There was an awkward silence as her sister looked strangely at Tasha, taking in her drastically changed appearance. Tasha wondered what she must look like to her and what she must be thinking. Finally the little girl spoke.
“Your hair looks really stupid.”
It wasn’t the best of circumstances for a fulfilling reunion.
So Tasha’s Christmas present that year was the knowledge that she had successfully helped to put in motion the long process of forcing her father to answer for the crimes of that terrible summer. As the bodyguards escorted her to the airport, automated holiday carols were playing everywhere. But the weight of what she had just endured hung heavily on her, making her feel alone while the entire Judeo-Christian world was on a giant Muzak high.
The carols tolled in the airport while the ticket agents screwed up her tickets and the carols tolled in the police station where her
bodyguards took her to wait for four hours while somebody in a command position figured out what to do and the carols tolled back at the motel where they finally put her up for the night.
The carols were still Muzaking away on Christmas Eve when Tasha’s bodyguards finally released her to the next plane for Hawaii. I’ll be home for Christmas.
Daddy had received a visit for the holidays from his supposed-to-be-dead daughter. And during this season to be jolly, Tasha had brought him the gift of a living, breathing souvenir from their last dance together on their final night in the Peernock house.
CHAPTER
20
As the year drew to a close, Victoria found her practice suffering severely. Even though she had farmed out most of her non-Peernock cases, she barely kept her head above the paper river flowing her way from Dern, Mason and Floum. She had even farmed out Natasha’s civil cases to avoid any conflict of interest, concentrating on the probate settlements and the lawsuits against Robert’s estate. Although that cleared her of any hint of conflict of interest on Natasha’s behalf, it also lowered her prospects of financial gain from a case that had already sapped her resources to the breaking point. She was learning that no amount of work will maintain a sole practice when a lawyer is forced into court every day on endless rounds of motions, while her practice collects no money for the efforts and has to function solely in the hope of future compensation.
She went into the holidays in a miserable state, unconsoled by the early present from Richard, which she still kept propped in the footwell of her desk.
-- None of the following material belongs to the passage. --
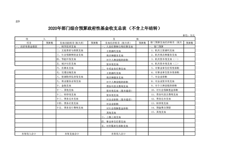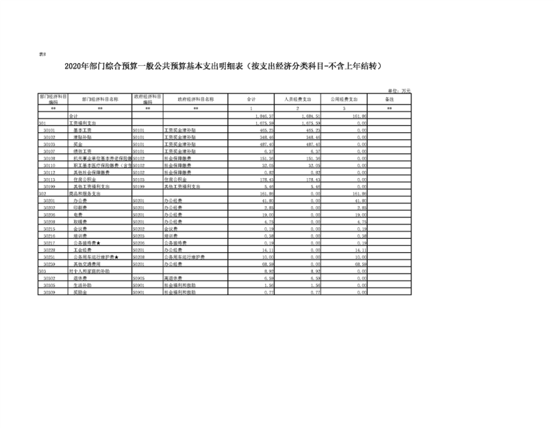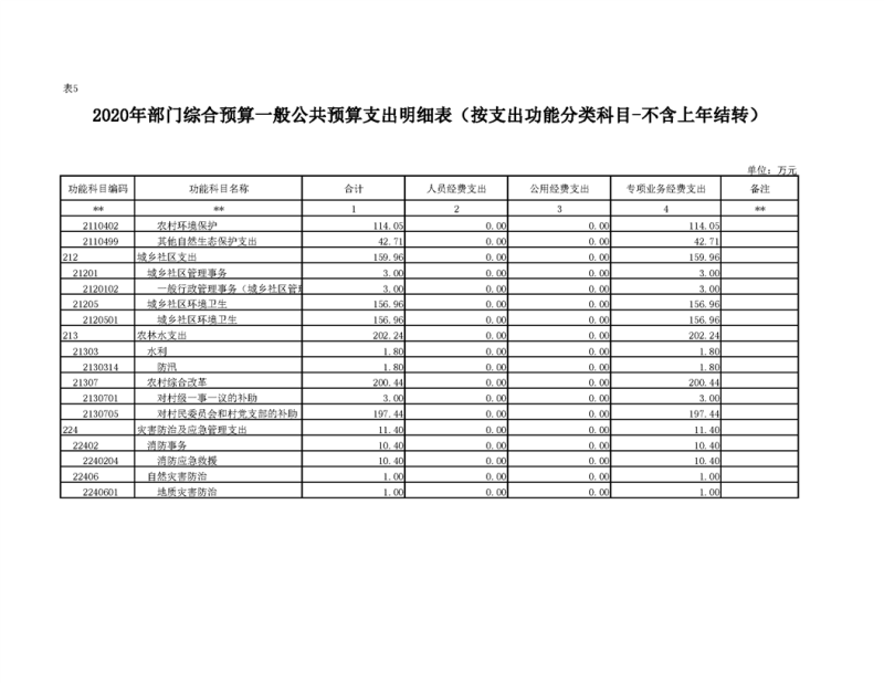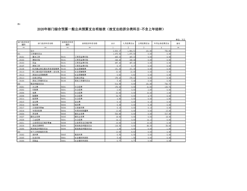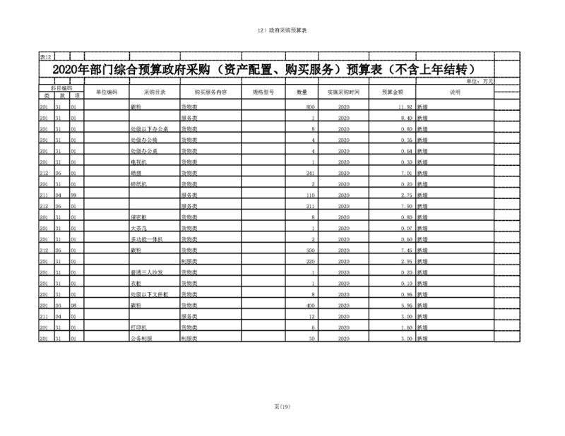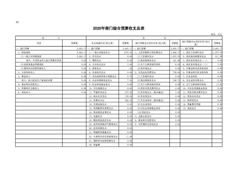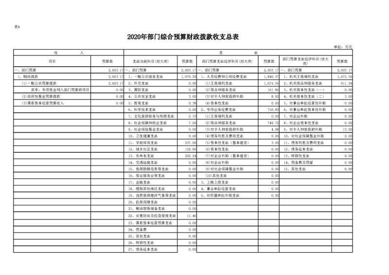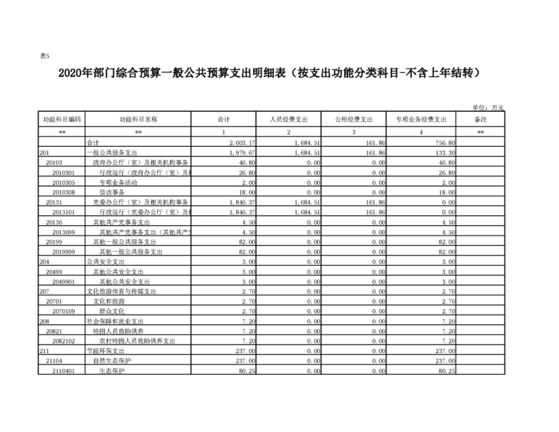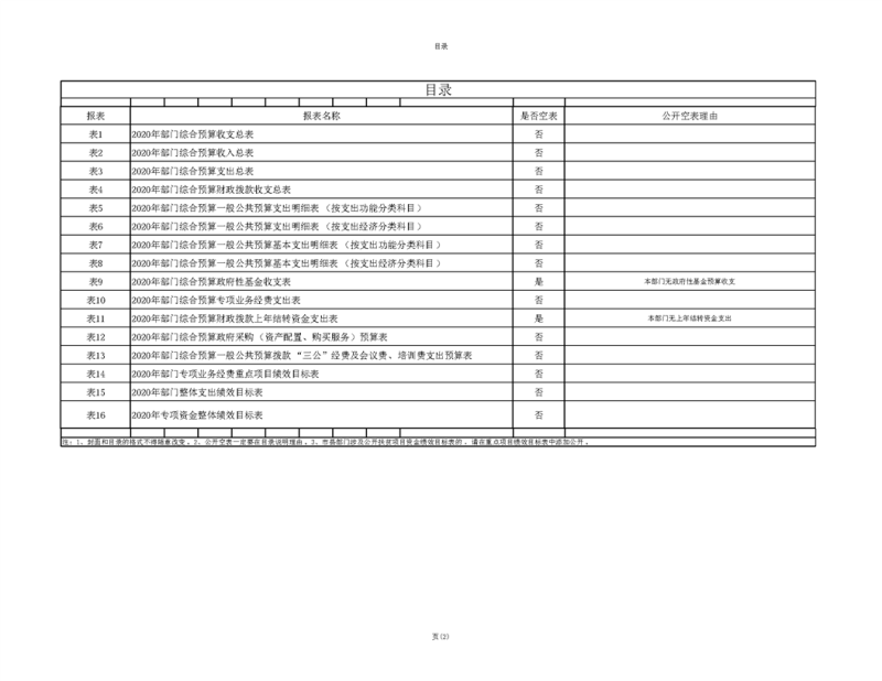 2020年部门预算公开目录
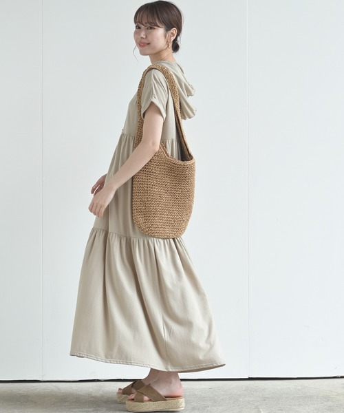リラクシーで可愛いフーディーワンピトレンドのティアードデザインが女子力高めのワンピース。柔らかな綿混カットソーとゆとりのあるシルエットがリラクシーなアイテムです。どこから見ても可愛く、また顔周りに表情を与えてくれるフードデザイン。スポーティーな雰囲気で甘すぎない大人カジュアルなスタイルが楽しめます。袖口はロールアップで二の腕の細見えも◎。お出かけもおうちスタイルもこの1枚で♪裏地なし伸縮性あり薄手サイドポケットあり袖口折り返しは縫い合わせてあります織キズやだま等みられる場合もございます洗濯:手洗い可

Physically and mentally exhausted, she was finally beginning to face the thing she had feared most when deciding whether to take the case: she no longer saw how she could keep going against virtually unlimited resources fielded by an entire law firm bent on overwhelming her.
Confronted by the loss of her practice and complete defeat as Natasha’s advocate, she spent the holidays discussing with her husband, Richard, whether or not she should let go while there might still be something in the case to save. Noble as it can sound to fight to the very last, such a strategy would not only leave nothing for her but could leave Natasha’s next attorney with insufficient ammunition to salvage the case.